- _EXERCISE BRIEF_: Across the listing below, count every line where the string "Size" appears, then give only the count.

- _GIVEN RECORDS_:
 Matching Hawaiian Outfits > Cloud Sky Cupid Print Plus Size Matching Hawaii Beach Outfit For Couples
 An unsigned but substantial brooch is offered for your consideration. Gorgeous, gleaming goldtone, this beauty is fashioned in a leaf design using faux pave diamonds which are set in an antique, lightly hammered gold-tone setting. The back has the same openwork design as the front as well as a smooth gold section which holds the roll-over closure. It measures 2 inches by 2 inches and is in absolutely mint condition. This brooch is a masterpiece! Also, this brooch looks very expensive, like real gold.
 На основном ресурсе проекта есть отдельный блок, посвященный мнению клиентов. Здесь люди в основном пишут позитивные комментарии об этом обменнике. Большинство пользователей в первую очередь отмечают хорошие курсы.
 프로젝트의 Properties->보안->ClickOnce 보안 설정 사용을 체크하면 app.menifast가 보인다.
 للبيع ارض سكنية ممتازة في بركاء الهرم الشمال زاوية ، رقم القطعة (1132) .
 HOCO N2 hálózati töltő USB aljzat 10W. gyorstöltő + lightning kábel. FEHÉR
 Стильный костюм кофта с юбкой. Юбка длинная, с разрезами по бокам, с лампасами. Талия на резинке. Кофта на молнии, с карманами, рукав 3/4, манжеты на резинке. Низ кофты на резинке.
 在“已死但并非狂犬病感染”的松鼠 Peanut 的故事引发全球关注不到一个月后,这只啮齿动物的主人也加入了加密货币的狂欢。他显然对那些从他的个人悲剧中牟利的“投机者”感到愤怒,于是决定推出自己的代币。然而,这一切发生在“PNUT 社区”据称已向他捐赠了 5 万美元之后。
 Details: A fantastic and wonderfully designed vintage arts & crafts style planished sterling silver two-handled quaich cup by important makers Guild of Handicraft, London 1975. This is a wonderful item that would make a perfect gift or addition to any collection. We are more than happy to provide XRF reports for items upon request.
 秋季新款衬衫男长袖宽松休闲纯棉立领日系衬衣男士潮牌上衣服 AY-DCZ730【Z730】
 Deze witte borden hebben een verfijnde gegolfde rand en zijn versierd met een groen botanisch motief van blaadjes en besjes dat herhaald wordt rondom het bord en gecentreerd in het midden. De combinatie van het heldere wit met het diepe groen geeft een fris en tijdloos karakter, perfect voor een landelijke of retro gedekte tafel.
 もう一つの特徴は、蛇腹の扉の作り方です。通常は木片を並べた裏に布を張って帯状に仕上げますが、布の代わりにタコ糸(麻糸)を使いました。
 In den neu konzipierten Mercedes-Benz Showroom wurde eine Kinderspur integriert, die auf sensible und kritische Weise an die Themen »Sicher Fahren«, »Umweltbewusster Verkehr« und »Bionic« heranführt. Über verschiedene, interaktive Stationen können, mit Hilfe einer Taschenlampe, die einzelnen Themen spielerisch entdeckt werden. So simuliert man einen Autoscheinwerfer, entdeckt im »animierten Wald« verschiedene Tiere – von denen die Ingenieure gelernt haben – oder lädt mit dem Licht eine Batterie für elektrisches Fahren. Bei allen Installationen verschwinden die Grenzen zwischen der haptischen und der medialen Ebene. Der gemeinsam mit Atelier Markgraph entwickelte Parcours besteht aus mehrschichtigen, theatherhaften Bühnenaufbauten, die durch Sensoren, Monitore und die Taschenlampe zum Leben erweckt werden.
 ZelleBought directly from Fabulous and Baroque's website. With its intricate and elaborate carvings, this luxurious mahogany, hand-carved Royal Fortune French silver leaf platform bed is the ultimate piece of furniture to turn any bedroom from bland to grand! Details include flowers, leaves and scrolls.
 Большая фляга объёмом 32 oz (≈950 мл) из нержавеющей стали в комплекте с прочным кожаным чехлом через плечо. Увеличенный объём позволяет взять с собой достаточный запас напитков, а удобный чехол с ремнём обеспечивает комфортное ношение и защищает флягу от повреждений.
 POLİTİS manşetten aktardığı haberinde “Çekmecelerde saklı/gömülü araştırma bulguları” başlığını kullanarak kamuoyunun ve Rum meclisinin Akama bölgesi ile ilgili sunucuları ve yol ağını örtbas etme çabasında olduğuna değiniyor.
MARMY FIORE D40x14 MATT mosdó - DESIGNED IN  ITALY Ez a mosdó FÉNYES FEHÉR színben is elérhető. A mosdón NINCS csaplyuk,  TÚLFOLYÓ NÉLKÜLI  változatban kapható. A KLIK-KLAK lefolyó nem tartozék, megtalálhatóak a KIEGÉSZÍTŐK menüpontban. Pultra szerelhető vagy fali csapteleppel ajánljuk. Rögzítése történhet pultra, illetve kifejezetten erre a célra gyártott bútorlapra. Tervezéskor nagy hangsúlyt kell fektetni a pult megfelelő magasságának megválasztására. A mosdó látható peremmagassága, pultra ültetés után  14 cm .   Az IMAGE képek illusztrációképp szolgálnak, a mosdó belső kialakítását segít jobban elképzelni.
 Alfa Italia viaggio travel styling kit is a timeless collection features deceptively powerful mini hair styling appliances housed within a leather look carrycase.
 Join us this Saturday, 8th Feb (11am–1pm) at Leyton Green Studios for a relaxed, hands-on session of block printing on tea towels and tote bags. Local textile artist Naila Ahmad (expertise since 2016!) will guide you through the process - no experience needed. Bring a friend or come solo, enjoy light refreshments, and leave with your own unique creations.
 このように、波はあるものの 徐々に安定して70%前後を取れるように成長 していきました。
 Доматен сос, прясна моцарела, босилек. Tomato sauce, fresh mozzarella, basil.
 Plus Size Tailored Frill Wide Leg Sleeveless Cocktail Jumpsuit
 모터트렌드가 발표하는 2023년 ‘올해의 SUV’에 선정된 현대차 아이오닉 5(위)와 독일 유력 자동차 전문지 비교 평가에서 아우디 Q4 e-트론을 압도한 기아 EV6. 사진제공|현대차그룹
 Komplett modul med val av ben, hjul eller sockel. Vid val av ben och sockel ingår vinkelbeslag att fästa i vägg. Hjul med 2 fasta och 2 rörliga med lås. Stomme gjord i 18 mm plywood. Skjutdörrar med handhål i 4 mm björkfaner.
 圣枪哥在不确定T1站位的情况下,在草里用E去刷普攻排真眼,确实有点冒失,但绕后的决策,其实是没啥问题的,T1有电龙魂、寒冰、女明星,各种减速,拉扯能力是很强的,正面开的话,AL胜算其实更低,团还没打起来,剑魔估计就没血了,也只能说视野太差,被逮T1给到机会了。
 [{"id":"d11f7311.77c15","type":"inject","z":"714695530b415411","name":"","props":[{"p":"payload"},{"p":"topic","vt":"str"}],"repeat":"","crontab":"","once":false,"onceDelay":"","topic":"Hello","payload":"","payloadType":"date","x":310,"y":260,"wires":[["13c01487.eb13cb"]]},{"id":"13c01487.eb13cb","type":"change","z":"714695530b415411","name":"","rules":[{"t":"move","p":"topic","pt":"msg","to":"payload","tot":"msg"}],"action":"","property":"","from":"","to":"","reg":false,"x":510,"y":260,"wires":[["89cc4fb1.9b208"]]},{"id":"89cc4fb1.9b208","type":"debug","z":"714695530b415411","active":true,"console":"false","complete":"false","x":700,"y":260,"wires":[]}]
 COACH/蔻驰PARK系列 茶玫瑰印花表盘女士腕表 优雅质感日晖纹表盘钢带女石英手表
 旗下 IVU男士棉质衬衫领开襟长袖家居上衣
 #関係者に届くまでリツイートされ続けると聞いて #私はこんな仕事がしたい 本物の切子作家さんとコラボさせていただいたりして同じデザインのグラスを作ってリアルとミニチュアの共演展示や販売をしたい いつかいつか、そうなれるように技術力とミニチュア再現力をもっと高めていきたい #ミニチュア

- _COMPLETED TASK_: 2